BGPStream Website Parser

jfuruness edited this page Nov 28, 2020 · 2 revisions

Table of Contents

Short Description

The purpose of this submodule is to parse information received from https://bgpstream.com to obtain information about real BGP hijacks, leaks, and outages that actually occurred.

Long Description

This submodule parses through the html of bgpstream.com and formats the data for actual hjacks, leaks, and outages into a CSV for later insertion into a database. This is done through a series of steps.

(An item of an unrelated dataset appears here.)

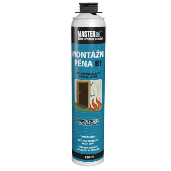 Namestitvena ognjevarna pena B1 750 ml – pištola Ognjevarna montažna pena B1 je enokomponentna poliuretanska pena. Pod vplivom zračne vlage in temperature se razširi do 40-krat za svojo prvotno prostornino. Pena je odporna proti plesni, vodi, UV-sevanju in jo je mogoče prebarvati. Uporaba: Protip
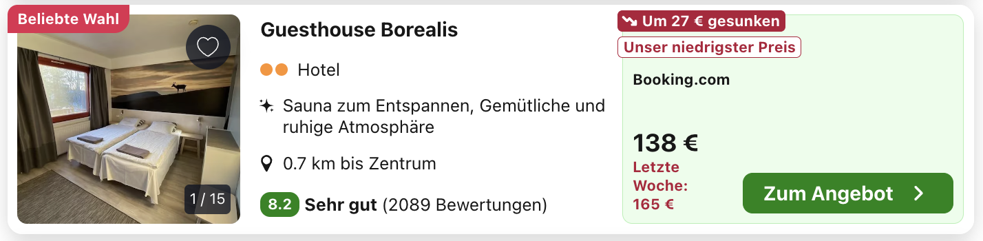 heute haben wir einen ganz besonderen Deal für euch. Es geht nämlich mit dem Santa-Claus-Express 🎅 von Helsinki nach Rovaniemi ins Weihnachtsmanndorf bzw. an den Polarkreis ❄️. Ihr fahrt also einmal quer mit dem Zug durch ganz Finnland 🇫🇮. Das ganze haben wir mit günstigen Flügen nach Helsinki und zurück von Rovaniemi kombiniert. Ebenfalls inklusive sind zwei Übernachtungen in Helsinki und eine in Rovaniemi.

  1. Initialize the three different kinds of data classes.
    • Handled in the __init__ function in the BGPStream_Website_Parser class
    • This class mainly deals with accessing the website, the data classes deal with parsing the information. These data classes inherit from the parent class Data and are located in the data_classes file
  2. All rows are received from the main page of the website
    • This is handled in the utils.get_tags function
    • This has some initial data for all bgp events
  3. The last ten rows on the website are removed
    • This is handled in the parse function in the BGPStream_Website_Parser
    • There is some html errors there, which causes errors when parsing
  4. The row limit is set so that it is not too high
    • This is handled in the parse function in the BGPStream_Website_Parser
    • This is to prevent going over the maximum number of rows on website
  5. Rows are iterated over until row_limit is reached
    • This is handled in the parse function in the BGPStream_Website_Parser
  6. For each row, if that row is of a datatype passed in the parameters,
    and the row is new (by default) add that to the self.data dictionary
    • This causes that row to be parsed as well
    • Rows are parsed into CSVs and inserted into the database
  7. Call the db_insert funtion on each of the data classes in self.data
    • This will parse all rows and insert them into the database
    • This formats the tables as well
      • Unwanted IPV4 or IPV6 prefixes are removed
      • Indexes are created if they don't exist
      • Duplicates are deleted
      • Temporary tables that are subsets of the data are created

Usage

From the Command Line

Best way:

lib_bgp_data --bgpstream_website_parser

For debugging:

lib_bgp_data --bgpstream_website_parser --debug

Must be called on the library:

python3 -m lib_bgp_data --bgpstream_website_parser

From a Script:

Initializing the BGPStream_Website_Parser:

The Defaults for the BGPStream_Website_Parser are the same as the base parser's it inherits:

Parameter Default Description
name self.__class__.__name__ The purpose of this is to make sure when we clean up paths at the end it doesn't delete files from other parsers.
path "/tmp/bgp_{}".format(name) Not used
csv_dir "/dev/shm/bgp_{}".format(name) Path for CSV files, located in RAM
stream_level logging.INFO Logging level for printing
section "bgp" database section to use

Note that any one of the above attributes can be changed or all of them can be changed in any combination

To initialize BGPStream_Website_Parser with default values:

from lib_bgp_data import BGPStream_Website_Parser
bgpstream_website_parser = BGPStream_Website_Parser()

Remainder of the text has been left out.